Open Arms Healthcare Center in Jackson offers free screening for HIV, and the medical director, Dr. Leandro Mena, believes that the virus can eventually be eliminated through screening and treatment.

Open Arms Healthcare Center in Jackson offers free screening for HIV, and the medical director, Dr. Leandro Mena, believes that the virus can eventually be eliminated through screening and treatment. Photo by Imani Khayyam.

— Most of the time, the HIV virus spreads between men who are in a relationship—and usually when one did not know he was infected.

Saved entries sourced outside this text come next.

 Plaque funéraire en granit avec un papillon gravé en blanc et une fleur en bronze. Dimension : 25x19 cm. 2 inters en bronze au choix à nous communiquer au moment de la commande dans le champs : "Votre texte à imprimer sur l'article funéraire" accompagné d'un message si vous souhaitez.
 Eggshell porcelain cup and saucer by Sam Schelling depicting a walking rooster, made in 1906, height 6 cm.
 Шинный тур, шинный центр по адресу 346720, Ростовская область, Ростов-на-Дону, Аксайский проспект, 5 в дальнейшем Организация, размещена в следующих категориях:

"The biggest risk factor that stood out, by far and away, was believing whether you were in a relationship," Brian Mustanski, professor and director of the Institute for Sexual and Gender Minority Health and Wellbeing at Northwestern University, said during his presentation, "Interventions for Adolescents," on Dec. 1 for World AIDS Day at the Jackson Convention Center.

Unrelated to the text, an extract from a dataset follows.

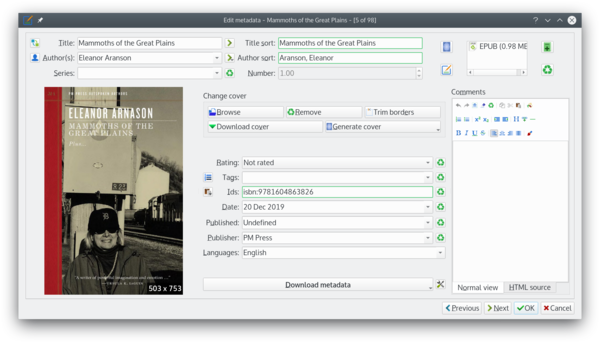 Figure 3: The Edit book window is Calibre’s chief place for both manual editing and editing from the interface.
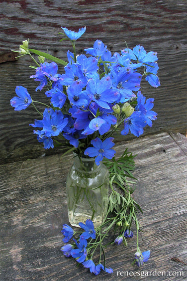 Sow Blue Mirror in early spring for mid-summer flowers the first year, late spring bloom in subsequent years. Plants can handle more summer heat than the traditional delphinium varieties. Patrol for snails and slugs on new leaves and shoots. When each flush of flower finishes, cut stalks back to plant base to encourage reblooming. Water well and fertilize regularly throughout the growing season. Plants will die back and go dormant in winter. Leave dead foliage until early spring so you know where plants are, but cut the dead branches off at first signs of new spring growth.

Public-health officials are addressing HIV risk factors nationally and in many states, but Mississippi lags other states in the information it collects.

HIV diagnoses tend to jump from the late teenage years to early adulthood for men who have sex with men. The Centers for Disease Control reported that, in 2014, 4 percent of all new diagnoses in the United States were in people from 13 to 19 years of age, or 1,863. The percentage jumps to 36 percent for the 20- to 29-year-olds, 15,738.

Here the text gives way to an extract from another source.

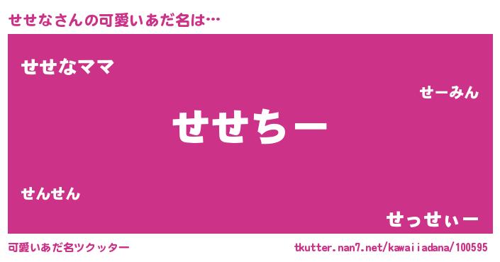 | ヒーロー風カッコイイあだ名 | 『ウルトラせせなマン』『ネオセセナ』 |

The problem is that left undiagnosed and treated, each one of these people may continue to spread the virus.

Mustanski and other health professionals gathered in Jackson for the University of Mississippi Medical Center's Continuing Health and Professional Education's fourth HIV/AIDS Health Disparities Conference, which this year focused on adolescent sexual health.

Screening for HIV remains crucial, experts warn. Jackson and Hinds County are battlegrounds, with some of the highest concentrations of HIV-positive men that have sex with men in the county.

A study released May 17 from Emory University states that as of 2012, one in four gay men in Jackson were infected with HIV, and that out of major U.S. municipalities, Jackson ranks number one for infections per capita.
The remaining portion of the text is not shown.